◆ Task material:
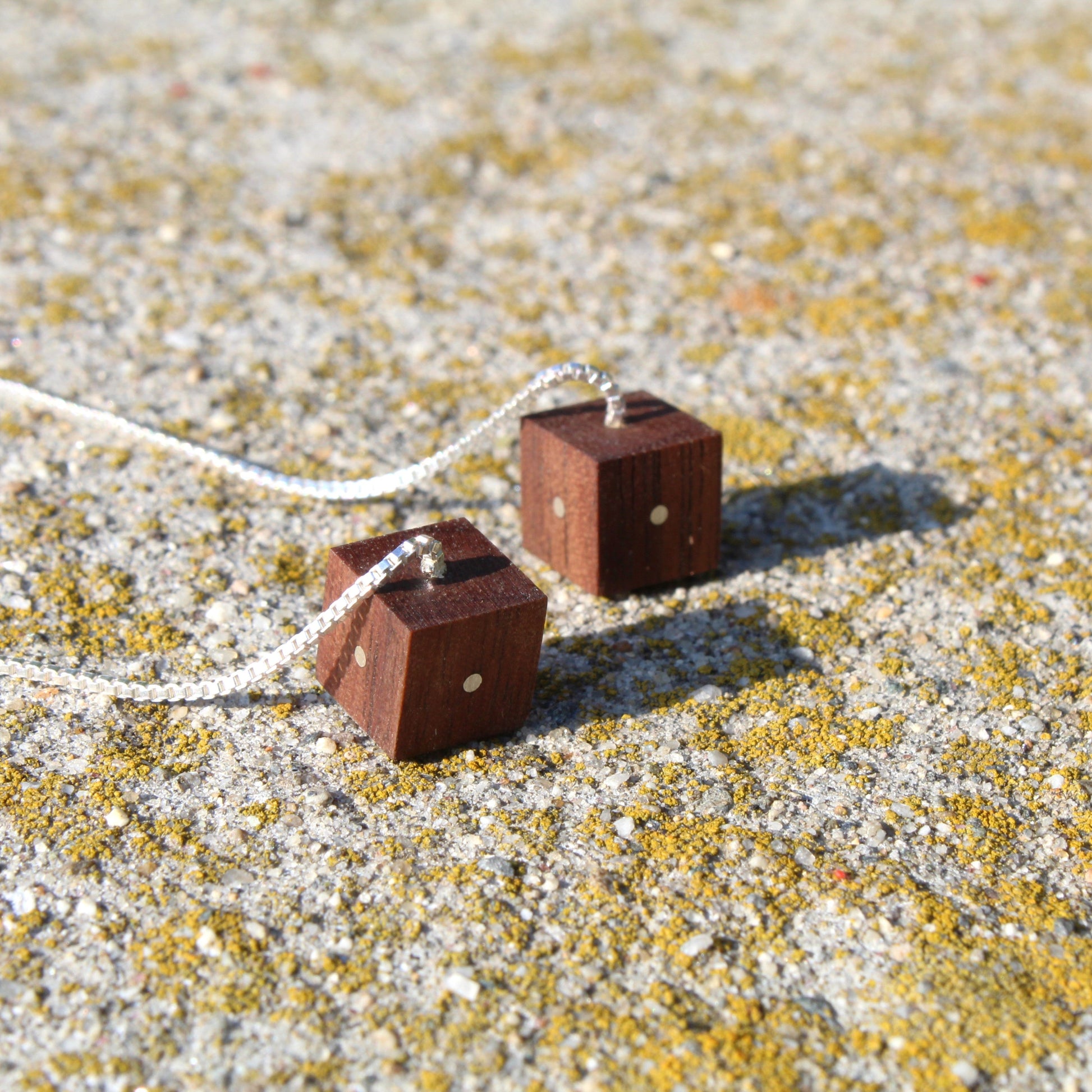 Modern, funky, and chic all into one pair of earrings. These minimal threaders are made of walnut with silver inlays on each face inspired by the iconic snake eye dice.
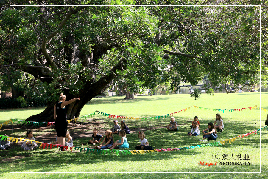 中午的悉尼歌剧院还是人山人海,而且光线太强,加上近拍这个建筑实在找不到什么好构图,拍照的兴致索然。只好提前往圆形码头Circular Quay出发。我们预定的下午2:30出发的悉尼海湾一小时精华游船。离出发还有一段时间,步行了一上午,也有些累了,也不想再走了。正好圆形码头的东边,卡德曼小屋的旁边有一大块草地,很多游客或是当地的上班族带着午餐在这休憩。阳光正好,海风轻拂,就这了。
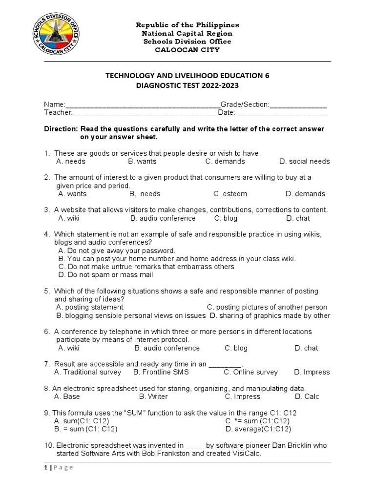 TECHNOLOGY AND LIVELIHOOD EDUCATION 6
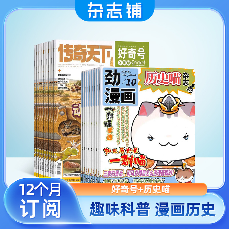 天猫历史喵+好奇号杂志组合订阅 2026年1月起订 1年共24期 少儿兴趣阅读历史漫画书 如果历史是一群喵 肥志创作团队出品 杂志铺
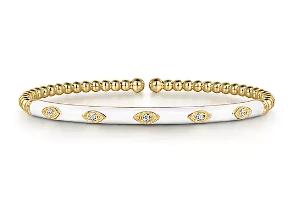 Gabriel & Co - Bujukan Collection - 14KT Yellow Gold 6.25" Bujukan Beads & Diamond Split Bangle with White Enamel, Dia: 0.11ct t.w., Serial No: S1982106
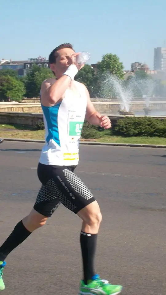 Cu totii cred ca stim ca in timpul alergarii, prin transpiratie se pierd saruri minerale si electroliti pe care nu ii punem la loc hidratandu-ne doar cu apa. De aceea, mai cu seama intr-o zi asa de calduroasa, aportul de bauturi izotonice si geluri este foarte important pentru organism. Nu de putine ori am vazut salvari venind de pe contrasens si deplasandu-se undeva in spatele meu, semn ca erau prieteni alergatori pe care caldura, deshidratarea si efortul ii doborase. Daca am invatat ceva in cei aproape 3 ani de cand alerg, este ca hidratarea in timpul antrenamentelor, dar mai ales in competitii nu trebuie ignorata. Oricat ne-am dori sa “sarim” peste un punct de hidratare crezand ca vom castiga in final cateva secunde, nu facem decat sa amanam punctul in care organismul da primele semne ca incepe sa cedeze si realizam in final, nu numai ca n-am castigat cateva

◆ What the task asks:
Each line above should be written out again exactly, and no picture should appear in the copy.

◆ Task result:
 Modern, funky, and chic all into one pair of earrings. These minimal threaders are made of walnut with silver inlays on each face inspired by the iconic snake eye dice.
 中午的悉尼歌剧院还是人山人海,而且光线太强,加上近拍这个建筑实在找不到什么好构图,拍照的兴致索然。只好提前往圆形码头Circular Quay出发。我们预定的下午2:30出发的悉尼海湾一小时精华游船。离出发还有一段时间,步行了一上午,也有些累了,也不想再走了。正好圆形码头的东边,卡德曼小屋的旁边有一大块草地,很多游客或是当地的上班族带着午餐在这休憩。阳光正好,海风轻拂,就这了。
 TECHNOLOGY AND LIVELIHOOD EDUCATION 6
 天猫历史喵+好奇号杂志组合订阅 2026年1月起订 1年共24期 少儿兴趣阅读历史漫画书 如果历史是一群喵 肥志创作团队出品 杂志铺
 Gabriel & Co - Bujukan Collection - 14KT Yellow Gold 6.25" Bujukan Beads & Diamond Split Bangle with White Enamel, Dia: 0.11ct t.w., Serial No: S1982106
 Cu totii cred ca stim ca in timpul alergarii, prin transpiratie se pierd saruri minerale si electroliti pe care nu ii punem la loc hidratandu-ne doar cu apa. De aceea, mai cu seama intr-o zi asa de calduroasa, aportul de bauturi izotonice si geluri este foarte important pentru organism. Nu de putine ori am vazut salvari venind de pe contrasens si deplasandu-se undeva in spatele meu, semn ca erau prieteni alergatori pe care caldura, deshidratarea si efortul ii doborase. Daca am invatat ceva in cei aproape 3 ani de cand alerg, este ca hidratarea in timpul antrenamentelor, dar mai ales in competitii nu trebuie ignorata. Oricat ne-am dori sa “sarim” peste un punct de hidratare crezand ca vom castiga in final cateva secunde, nu facem decat sa amanam punctul in care organismul da primele semne ca incepe sa cedeze si realizam in final, nu numai ca n-am castigat cateva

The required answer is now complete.